A few weeks ago I've retired @flxbl-dev/mcp from the FLXBL repo. In its place: a CLI with --json, --stdin, --dry-run, stable exit codes, and an llms.txt. The agents — Claude Code, Cursor, my homegrown ones — got faster, cheaper, and far less weird. This is the post-mortem and the design rationale, with sources for every cited claim because I respect your time and skepticism.
I was an MCP enthusiast. I wrote one of the first FLXBL MCP servers when the protocol was still warm. It exposed the obvious things — validate_schema, publish_schema_version, check_migration_status, generate_client_types — and for a while it felt like the future. Plug FLXBL into Claude Desktop, watch a model reason about your graph schema, ship a feature. Magic.
Then I started using my own product through the MCP, every day, with real agents in real coding loops. The seams showed up fast.
This post is about those seams — and why I think a well-designed, opinionated CLI is the better default surface for AI agents for most products. Not all. Most.
Why MCP looked like the right answer
Let me steel-man my own past decision. MCP solves a real problem: how do you let a model take meaningful actions against a remote system with structured inputs and outputs, without the model having to invent HTTP requests on the fly?
The protocol gives you a standard way to advertise tools, validate arguments against JSON Schema, and stream results back. It's elegant. It works. Anthropic, OpenAI, Google, and the IDE vendors have all converged on it. There's a reason every backend service is racing to ship one.
For a product like FLXBL — schema-first, multi-tenant, lots of structured operations — MCP felt like a perfect fit. So I shipped one. Then I lived with it.
What killed the MCP server (the four problems)
1. Tool definitions eat your context window before you say "hello"
This is the one Anthropic's own engineering team finally said the quiet part out loud about. In Code execution with MCP: building more efficient AI agents, they describe a real workflow that consumed roughly 150,000 tokens of context just on tool definitions and intermediate results — and showed how a code-execution-based pattern dropped that to about 2,000 tokens, a ~98.7% reduction. From Anthropic. About their own protocol.

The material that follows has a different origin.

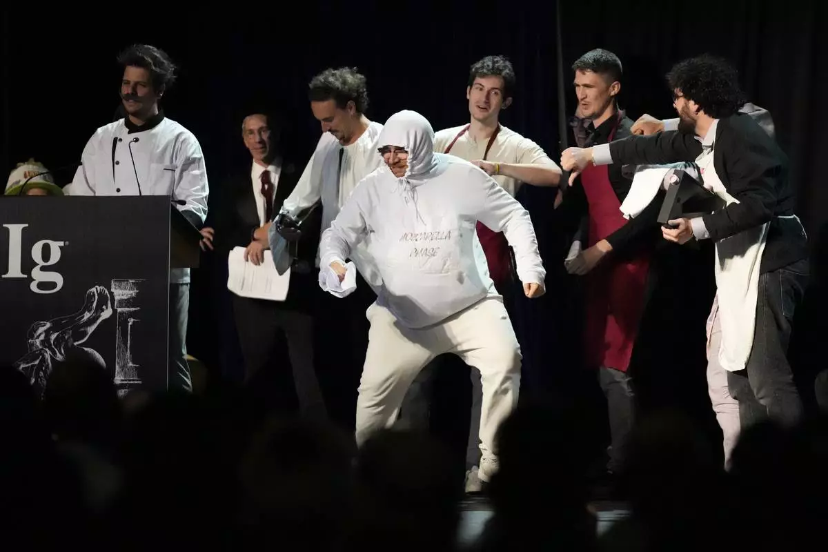 Among the most animated of the winners was a team of researchers from several European countries who studied the physics of pasta sauce. One of the researchers wore a cook’s outfit with a fake mustache to accept the award while another dressed as a big ball of mozzarella cheese got pummeled by several people holding wooden cookware. They ended by handing out bowls of pasta to the Nobel laureates.
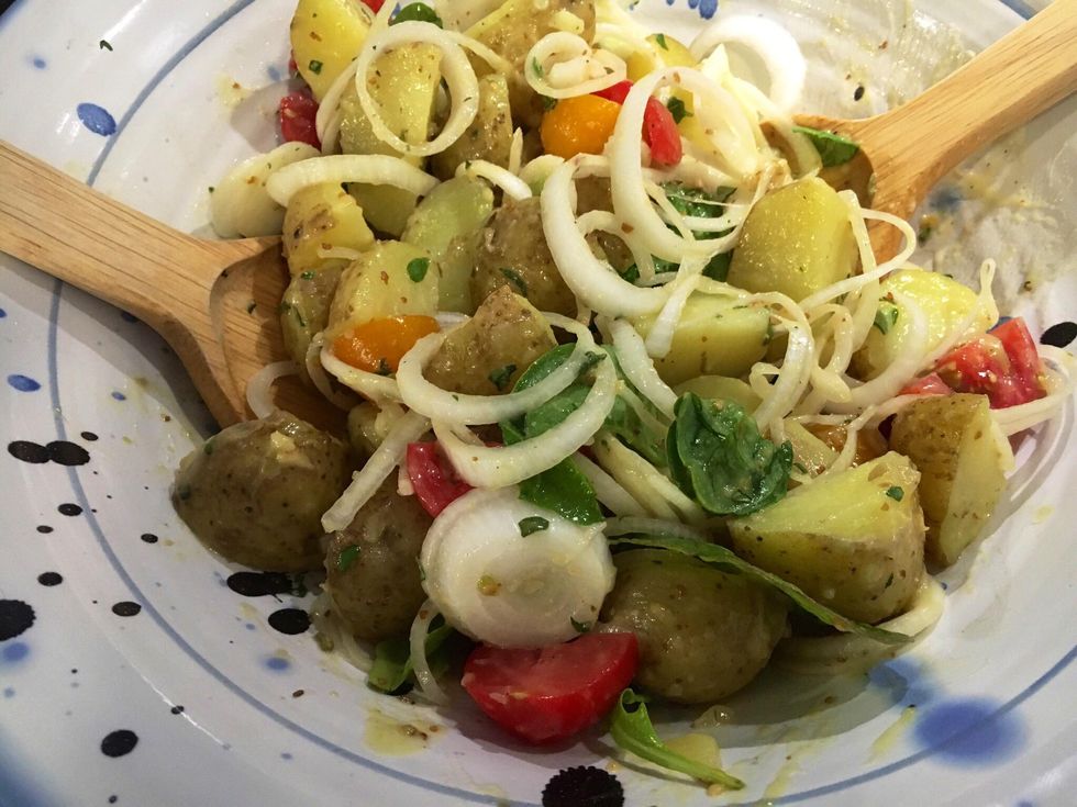 Pour it onto your favorite salad, here's one with potatoes, tomatoes, spring onion and other good stuff 😀

I'm not picking a fight with MCP servers that expose two carefully-scoped tools. I'm pointing at what happens when you actually want an agent to do things with a real product — schemas, entities, relationships, webhooks, identity, data, GraphQL — and you naively map every operation to a tool. You end up with 30+ tool definitions front-loaded into every conversation, every turn.
Writer's engineering team published a great breakdown of the same problem (When too many tools become too much context) showing how tool metadata in production agents routinely consumes 25–30% of even a 200k-token context window. The New Stack covered the broader trend in 10 strategies to reduce MCP token bloat. Those tokens aren't free. You pay for them on every turn, and they crowd out the actual context — the user's intent, your schema, the conversation history.
A CLI doesn't have this problem. The agent runs flxbl --help once, or reads flxbl context --full --json once, and the rest is on demand.
2. Tool count degrades model accuracy, not just speed
Even if you can afford the tokens, more tools makes the model worse at picking the right one. This is the well-documented "tool overload" problem — when an LLM's attention is spread across many similar-sounding tool schemas, it confuses parameters between them, hallucinates names, and calls the wrong tool with arguments lifted from another's schema. Industry write-ups like The MCP Tool Trap and the Lunar.dev tool-overload analysis both land on a practical ceiling somewhere between 15 and 20 tools per server before quality measurably drops.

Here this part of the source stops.